Go to the first, previous, next, last section, table of contents.


3. Commonalities

Many aspects of the TeX system are the same among more than one program, so we describe all those pieces together, here.

3.1 Option conventions

To provide a clean and consistent behavior, we chose to have all these programs use the GNU function getopt_long_only to parse command lines.

As a result, you can:

By convention, non-option arguments, if specified, generally define the name of an input file, as documented for each program.

If a particular option with a value is given more than once, it is the last value that counts.

For example, the following command line specifies the options `foo', `bar', and `verbose'; gives the value `baz' to the `abc' option, and the value `xyz' to the `quux' option; and specifies the filename `-myfile-'.
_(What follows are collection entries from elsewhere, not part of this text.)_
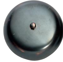
5516 AC D90mm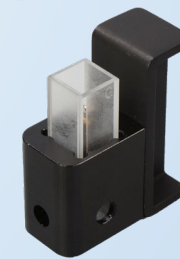
Cuvette port, available on the M9611 model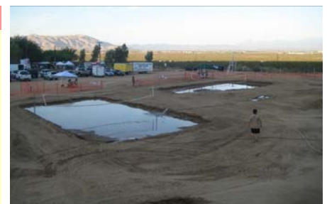
Horsemen's Center all ready for Mud Fest.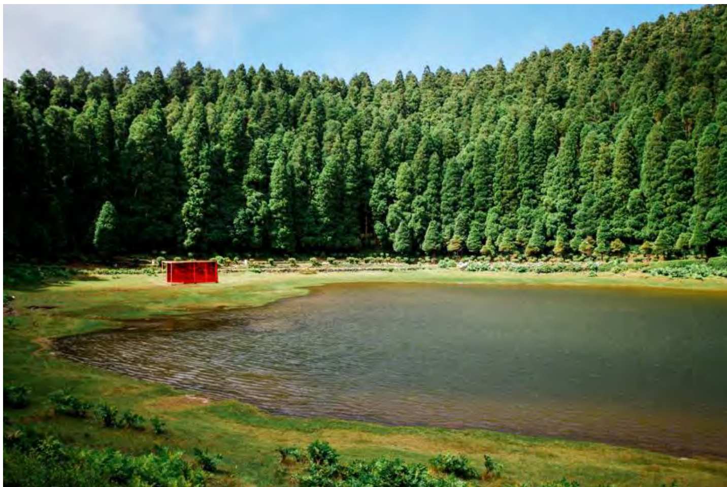
A sculptural installation by Ayelen Peressini at Sete Cidades during Walk&Talk 2017

Portugal's humming creative scenes in Lisbon and Porto have had our heads turning for a while. Now, however, our attention is being drawn some 1,200km off shore, deep into the Atlantic, to the remote Portuguese archipelago of the Azores . The nine volcanic islands – often compared to a cross between Hawaii , Ireland and New Zealand – are best known for their wild allure: lush forests, surreally coloured crater lakes, black volcanic-sand beaches, hot springs and thundering waterfalls; the dramatic backdrop for hiking, surfing, diving and whale spotting.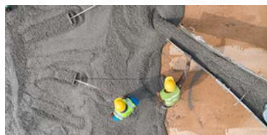
High Grade Concrete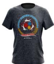
2022 NT Swimming Country Championship 'Names' Tee - Charcoal $35.00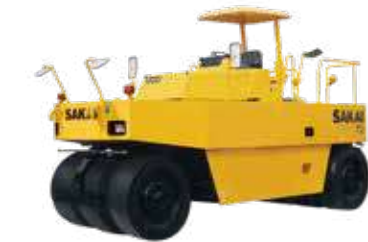
T2 15,580 kg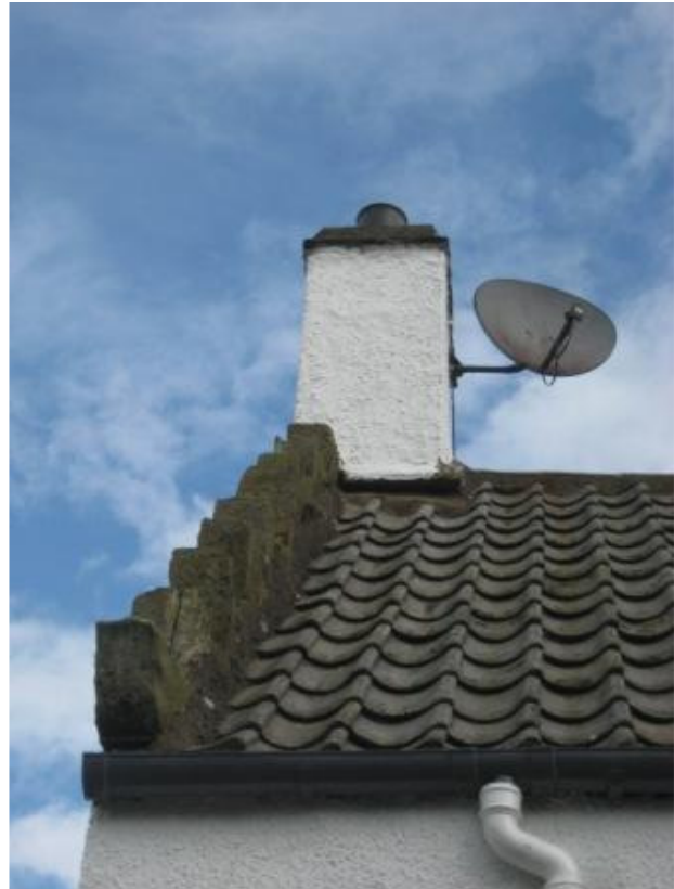
Satellite dish on a Category B listed house on Seagate

The introduction of a new architectural feature or addition to a listed building should be avoided if there is no historic precedent or evidence for it. A major extension or addition to a building, or the introduction of a new feature such as a dormer window may harm the special character of the building and the area. On a smaller scale, solar panels, satellite dishes and even TV aerials, which are clearly modern intrusions, diminish the historic character.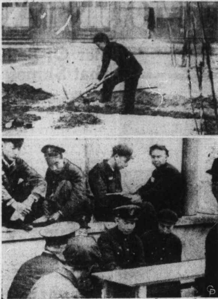
IN THESE RARE PHOTOS taken inside Red China, a woman is shown (top) digging ditches in a residential section of Canton once occupied by western traders who were permitted to set up a walled concession. At bottom, a Chinese Red officer in Peiping gives a typical neighborhood group a few lessons in "right thinking" where the "official line" in politics is concerned.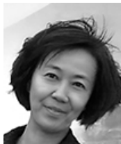
Yan Yan China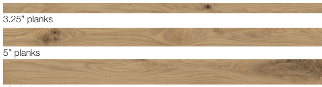
Piedmont CNP 300 / CNP 500 / CNP 700

The Anthem Collection by EarthWerks is rooted in patriotic tradition, celebrating the centuries-old use of hardwood flooring as a preferred décor choice in American-made flooring. Named for the hues found in America's majestic mountain ranges, each of these stunning hardwoods feature warm and inviting colorations paired with the distinctive graining of grand oaks. The Anthem Collection reminds us of the history that hardwood flooring plays in American design, while providing enhancements through modern technology for increased durability and ease of maintenance.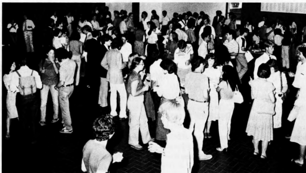
Some of the first year students on Orientation Day, 1980

The generosity of the firms which have agreed to support this new journal cannot be gainsaid. We are certain that the new journal will become one of the leading publications of its kind in the United States.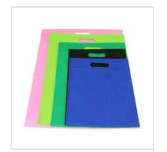
D Cut Non Woven Bag Design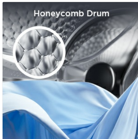
Image: Close-up of the Honeycomb Crystal Drum texture.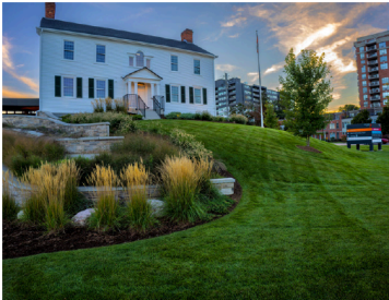
JOSEPH BRANT MUSEUM Andy's Lawn & Landscape, ON

-foo --bar -verb -abc=baz -quux karl --quux xyz -- -myfile-

3.2 Common options

All of these programs accept the standard GNU `--help' and `--version' options, and several programs accept `--verbose'. Rather than writing identical descriptions in every node, they are described here.

`--help'
Print a usage message listing basic usage and all available options to standard output, then exit successfully.
`--verbose'
Print progress reports to standard output.
`--version'
Print the version number to standard output, then exit successfully.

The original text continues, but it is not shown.